# Brett's Honing Guide



## BRAVOGOLFTANGO (Oct 11, 2012)

*Brett's Top Fuel Dragster Honing Guide*

*INEXPENSIVE, key word. As pointed out below, while there are several fancy smancy systems on the market, some like to fiddle with building their own tools, jigs, etc. That's all this is, an inexpensive too sharpening honing guide.*

This is my version 1.02.

*Took me awhile to figure out just the right setup, but I've come up with something that will:*
a) Prevent side-pivot based on wide-stance design (keeps a perfectly straight profile (technically). 

b) Allow for up to 3" wide blades or super-wide mortise chisels for the Noah Ark builders, haha.

c) Fully adjustable for any grind medium, flat diamond plates, Scary-Sharp methodology (glass & sandpaper), thicker stones of any height, etc, doesn't matter, this will adjust to any angle for any grind medium.

d) Inexpensive, most expensive parts would be the Jorgensen 4” Adjustable Handscrew itself at about $12, along with a 7/8” 7/8 in. Flat Ball-Bearing Tub Enclosure Roller from your local hardware store, few other pieces of hardware, minor stuff. NOTE: for this build I sacrificed a $7 Northern Tools wood-clamp, the Jorg version I think uses a 5/16” screw adjuster vs the larger 3/8” screw adjuster the one I used has, either will work.


Ok, took some pics with the Nikon in the Kitchen and I was attacked by my 1yr old Grandson Brantley...he likes the Honing Guide more than I do...thus it's no longer a Honing Guide, it's now a TRUCK...with just two wheels, lol.


----------



## BRAVOGOLFTANGO (Oct 11, 2012)

Off to build it now, will take some progress photos and now I know how to upload to the community, yayy me! Won't get lost this way.


----------



## bobj3 (Jan 17, 2006)

all I can say is

http://www.rockler.com/product.cfm?page=17398&site=ROCKLER

http://www.rockler.com/product.cfm?page=21500&site=ROCKLER

Rockler - Search

==


----------



## BRAVOGOLFTANGO (Oct 11, 2012)

Ahh, been there done that Bob, very familiar with the majority of sharpening systems out there.

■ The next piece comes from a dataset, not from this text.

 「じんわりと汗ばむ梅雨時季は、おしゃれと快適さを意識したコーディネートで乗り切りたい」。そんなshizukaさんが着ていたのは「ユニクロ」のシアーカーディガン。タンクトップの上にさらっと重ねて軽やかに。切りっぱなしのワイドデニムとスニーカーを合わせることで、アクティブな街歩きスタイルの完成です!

I should have premised the thread with "on the cheap" for the DIY'rs. I for one find it fun to build tools, jigs, etc. 

Example: If there was a Pantorouter on the market, someone could have posted "all I can say is" ...oh wait! There is nothing like the Pantorouter, haha!

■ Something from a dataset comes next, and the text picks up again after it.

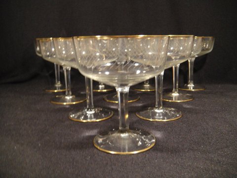 Champange skål på høj fod´med 6 kantet sleben stilk.. Højde 11 cm. Kummens diameter: 9,5 cm.
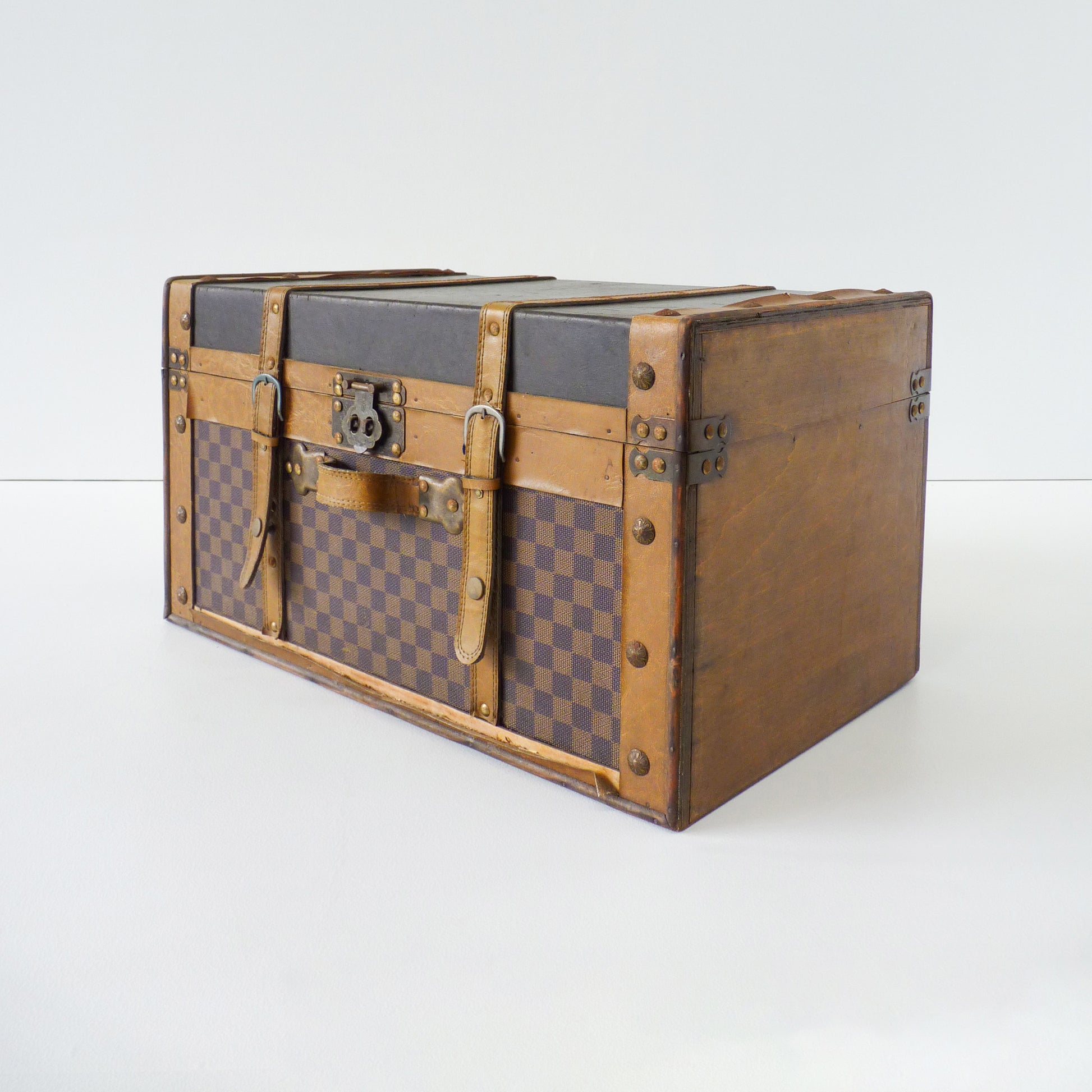 Description: Leather chest with a checkerboard pattern and tan leather straps

This was a project to build with minimal cost, mostly out of scraps and minor hardware many may have in their shop. :dirol:


----------



## Chris Curl (Feb 13, 2012)

very interesting brett. but it looks like the platform might be too big for a chisel ... no?


----------



## BRAVOGOLFTANGO (Oct 11, 2012)

Chris Curl said:


> very interesting brett. but it looks like the platform might be too big for a chisel ... no?

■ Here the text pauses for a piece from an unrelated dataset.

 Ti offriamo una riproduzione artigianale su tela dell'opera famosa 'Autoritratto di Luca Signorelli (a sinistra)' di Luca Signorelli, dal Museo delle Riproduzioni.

That's something I'm pondering Chris, v1.02 is designed with dual t-tracks that will cinch any chisel from the sides and clamp from above, yet leave room for a 3" blade which I'll likely never own a hand plane for. With a DW735 planer in my shop, the hand planing is really kind of minimal. If anything with furniture building and tenon joinery, a smaller hand plane might come in handy now and then. Then again the pantorouter cuts a perfect tenon with any angle including the depth I want, so even a hand plane for tenons might be far and few between.

Thus I may narrow the device to 2-1/2" on v1.02, will ponder the design some more. Biggest design feature of the current version or 2nd one is the adjustable height for any sharpening medium vs fumbling with this little $11 guide on whatever sharpening surface and limited space.


----------



## OPG3 (Jan 9, 2011)

Brett, I am in the same boat about building things to use in my shop. I looked at your three photo attachments from your original thread starter and I would like to say, "Your work in Sketch Up is very nicely presented". Are you sure this is your idea, or is it really something made by Hitachi? Those lime-green wheels gave-it-away! <just kidding>. Great idea and I am looking forward to see v1.02

Otis Guillebeau from Auburn, Georgia


----------



## BRAVOGOLFTANGO (Oct 11, 2012)

OPG3 said:


> Brett, I am in the same boat about building things to use in my shop. I looked at your three photo attachments from your original thread starter and I would like to say, "Your work in Sketch Up is very nicely presented". Are you sure this is your idea, or is it really something made by Hitachi? Those lime-green wheels gave-it-away! <just kidding>. Great idea and I am looking forward to see v1.02
> 
> Otis Guillebeau from Auburn, Georgia


Haha, thanks OP, now I'm wondering if Hitachi makes one! I should submit something to them, get signed up for some kind of electric (back & forth) motorized hand sharpener, lol.


----------



## gmercer_48083 (Jul 18, 2012)

Great Idea! Curious to see your upgrade.


----------



## BRAVOGOLFTANGO (Oct 11, 2012)

Found the wheels at a flea market today, 1/4 shaft so 1/4-20 threaded bolt/etc will work for the wide-body no-rocking stance.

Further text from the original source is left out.